"Dangerous." He tastes the word. "Perhaps. But dangerous does not mean invulnerable."
The whispers from the new passages grow louder, more insistent. But there’s frustration underneath the false sweetness now.
She will not come alone. The orc guards her too well...
"You hear them too," I say.
"Aye." His jaw clenches. "The monks. What remains of them. He’s been busy while we slept."
A new sound echoes through the chamber—wet, sliding. The walls themselves begin to move, stone flowing into impossible shapes. The passages stretch longer, branching into corridors that shouldn’t exist.
"The abbey lives," I whisper.
"The abbey serves." Krath’s hand drops to his sword hilt. "And it’s hungry."
That’s when the first bone-wight emerges from the original passage—skeletal, wrapped in burial cloth, green fire burning in its empty sockets. Then another. The whispers turn to hissing as more of the creatures shamble into view.
"Stay behind me," Krath growls, but even as he draws his blade, I feel the invisible tether between us pull taut. Whatever magic binds us won’t let me retreat while he advances.

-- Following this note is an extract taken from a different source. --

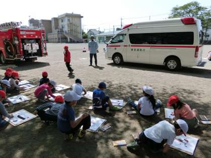 出来上がった絵は、各教室の廊下掲示板に貼ってあります。

The first wight lunges with claws extended. Krath’s sword sweeps in a horizontal arc, ember-light flaring along the edge. Bone and sinew part, and the creature’s skull goes spinning across the chamber.
But more are coming. Too many.
I try to back away from the advancing horde, but my feet won’t obey. Every step Krath takes toward danger drags me with him, as if we’re tethered by invisible chains.
"I can’t—" I stumble forward as he engages another wight. "The binding won’t let me?—"
"Fuck." Krath spins, catching my arm before I fall into reach of gnashing teeth. "I should have realized?—"
A bone-wight lunges from his blind side. No time to block, no time to dodge. Claws rake across his forearm, tearing through armor and flesh.
Pain sears up my arm—white-hot, immediate. I cry out, clutching at a wound that isn’t there, feeling his blood flow from invisible cuts in my skin.
His pain is my pain.
"Now you understand," he snarls, blood dripping from his torn arm onto the stone. "We share everything. Pain. Wounds. Death."
The reality crashes over me. Not just philosophical binding, but physical. Visceral. Every injury he takes, I feel. Every risk he faces becomes mine.
"You should have warned me."
"Would it have changed anything?" He cleaves another wight in half, ash and bone fragments spraying across the floor. "Would you have walked away?"
No.
The honest answer sits heavy in my chest. Even knowing the cost, even understanding the price, I would have made the samechoice. The knowledge called to me too strongly. The power was too tempting.
Another wight circles toward my unprotected side. Krath starts to turn, but there are too many directions to guard.
I pull chalk from my satchel, scrawling a sigil in the air with shaking fingers. "Ignis mortuum!"
Blue-white fire erupts from my palm, engulfing the creature and reducing it to drifting ash. The magic feels clean against the necromantic filth, burning away rot and darkness.
Krath spins toward me, shock clear in his ember eyes. "You?—"
"Hid my strength?" I manage another sigil, catching a second wight in flames. "The coven teaches defense first. I just never mentioned how good I got at it."
Something passes across his expression—surprise melting into what might be respect. Or admiration. The look sends unwelcome warmth through my chest.